MMR argues that moral values are relative, I therefore take that to mean that morality is subjective. Therefore moral statements are subjectively true or false. You will notice if you check former rounds that I have constantly made the objective/subjective distinction. Emotivism acknowledges that moral statements are representative of the speakers feelings, and are not objectively true. They are still subjectively true. In addition we are not arguing over emotivism.

To summarise, my opponent stated in R1
"My position in this debate is not only is meta-ethical moral relativism unsound, it's logically incoherent. From here on out, I will refer to this position as meta-ethical relativism, and to be more precisely it's abbreviated form MMR. The following is a definition of MMR[1]:"

My opponent has failed to offer a single valid argument in support of his position, in sumary
1: My opponent has failed to demonstrate how Epistemological relativism is synonymous with MMR, and furthermore how this invalidates it.
2: My opponent has failed to demonstrate how MMR conflicts with the logical law of identity and appears to have conceded this point.
3: My opponent is now claiming that the debate is concerning emotivism.

My opponent has failed to demonstrate how MMR is unsound or logically incoherent.
Debate Round No. 3
TheSkeptic

Pro

Alas, it seems I've reached another debate in which the majority of my effort will be dedicated towards explaining a concept rather than discussing it's philosophical merit. I obviously intended for the latter, and given the contrary this irks me. Nonetheless, given that this is my last round I will be as comprehensive as possible in the hopes that it will quell most of my opponent's concerns.

====================
MMR & Emotivism
====================

"However, we have both posted definitions of MMR, these definitions have been mutually agreed upon."

What? Simply because we agreed on the definition of MMR does NOT necessarily entail you are accurately arguing for MMR, which has become evident that you are not. The entire point of me bringing up emotivism is to highlight the fact that your arguments stand in favor of emotivism, NOT MMR.

"My opponent despite being instigator has yet to attempt to meet the burden of proof for his argument that MMR is incoherent or unsound."

In my previous 2 rounds I stated how MMR is logically incoherent - the idea of certain statements (truth-apt sentences) being relative entails epistemological relativism. And given that epistemological relativism is absurd, we can deduce via modus tollens that MMR is absurd as well. The only reasonably close attempt you have made at refuting this central argument is to say the entailment doesn't follow. In response, I stated that you are confusing emotivism with MMR, thus invalidating your response. I feel like I'm doing a commentary more than a debate, but apparently I'm forced to.

"My opponent also should now indicate how the position of emotivism fails is mutually exclusive with MMR."

The relevant distinction is that MMR includes truth-apt sentences whereas emotivism does not...how is that not clear in my last round? I specifically stated the crucial difference.

"I have stated that this is a strawman and demonstrated why this is the case, the above paragraph is merely my opponent stating his disagreement, not actually why he or anyone else should disagree.

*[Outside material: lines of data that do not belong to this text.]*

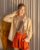 Meet our faux suede button-down jacket, featuring a classic collar and chest pockets. Effortlessly blending timeless style with modern practicality, this jacket is a versatile addition to your wardrobe. Crafted from luxurious faux suede, it adds a touch of sophistication to any outfit. From casual to formal occasions, this jacket ensures you look chic and feel comfortable. Upgrade your style with this functional and fashionable button-down jacket.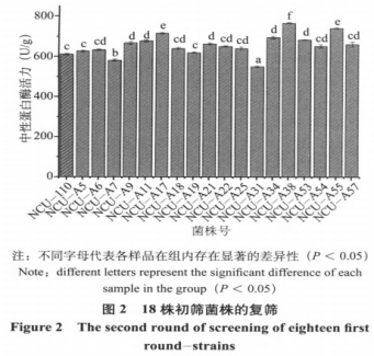 點(diǎn)種取決于調(diào)查優(yōu)質(zhì)菌種是不是能在集中的培育中仍能保持較高的中性蛋白酶魅力,而且規(guī)定菌種的發(fā)育速度快,對(duì)自然環(huán)境適應(yīng)能力強(qiáng)。菌種正基因突變主要表現(xiàn)為菌體漲勢(shì)好而且K值比對(duì)比值大。由表1得知,18株初篩菌種的K值均超過(guò)初始菌種,其產(chǎn)中性蛋白酶工作能力很有可能好于初始菌種,在其中菌種NCU—A38、NCU—A55、NCU—A17菌體漲勢(shì)不錯(cuò),且全透明圈直徑較大 ,各自為25.6、23.5、23.5mm,而他們的K值則各自實(shí)現(xiàn)了2.08、2.04、1.77。袁艷玲研究表明,根據(jù)K值挑選正基因突變株高效率,但菌種的產(chǎn)中性蛋白酶工作能力與K值并并不是呈規(guī)律性的線(xiàn)性相關(guān)。因此必須 進(jìn)一步的復(fù)篩來(lái)明確最后增產(chǎn)中性蛋白酶活的基因突變株,試驗(yàn)選用淺盤(pán)酒曲制作測(cè)量中性蛋白酶活給予認(rèn)證。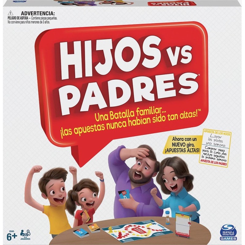 Juego de mesa de pruebas y preguntas HIJOS VS PADRES Hijos vs Padres es el juego de competición para toda la familia en el que los hijos compiten contra sus padres para ver quién consigue la supremacía en casa. Utiliza el marcador de borrado en seco y el tablero de apuestas para escribir las apuestas, y que empiece la competición. Cada equipo debe leerle preguntas sobre su generación al otro equipo. Según vayáis acertando preguntas, debéis moveros por el tablero. Si caéis en una casilla de desafío, tendréis que competir con el otro equipo en un desafío frenético y alocado. Si sois los primeros en llegar al final del tablero, deberéis superar un desafío final para ser coronados como ganadores y disfrutar de la apuesta que acabáis de ganar. ¡En esta noche de juego en familia las apuestas son más fuertes que nunca, y también la diversión! Incluye: 200 cartas de preguntas y de desafío, 1 tablero, 1 reloj de arena, 2 fichas de jugador, 1 marcador para pizarra blanca con soporte, 1 tablero de apuestas con soporte e instrucciones. A partir de 6 años.

It appears he has conceded this point, but does not want to acknowledge it."

You can reiterate that I committed a straw man, but until you specifically demonstrate how this is so your claims are empty. Adding to the humor, you even claim that I "concede this point". Seriously? My rebuttal began IN THE NEXT PARAGRAPH. Frankly, I'm perplexed as to how you can miss the function of my arguments, the reason I even bring them up, etc. Since this is my last round, as a last-ditch effort I'll treat this like an elementary school project and explain every step of my argument in painstaking detail. If that fails as well, then whoop de whoop.

====================
Criticism of MMR
====================

In this section I will give an entire overview of both our sides (albeit not in chronological order), where I stand, why I used the arguments I used, and why Cerebral has been wrong in the exact fashion I have stated earlier.

---Step 1---

As with any appropriate debate, the first thing we clarified was the definition of meta-ethical moral relativism. The following was agreed upon: "The truth or falsity of moral judgments, or their justification, is not absolute or universal, but is relative to the traditions, convictions, or practices of a group of persons." My opponent proposed a slightly different version, but this didn't bother me as it practically stated the same thing.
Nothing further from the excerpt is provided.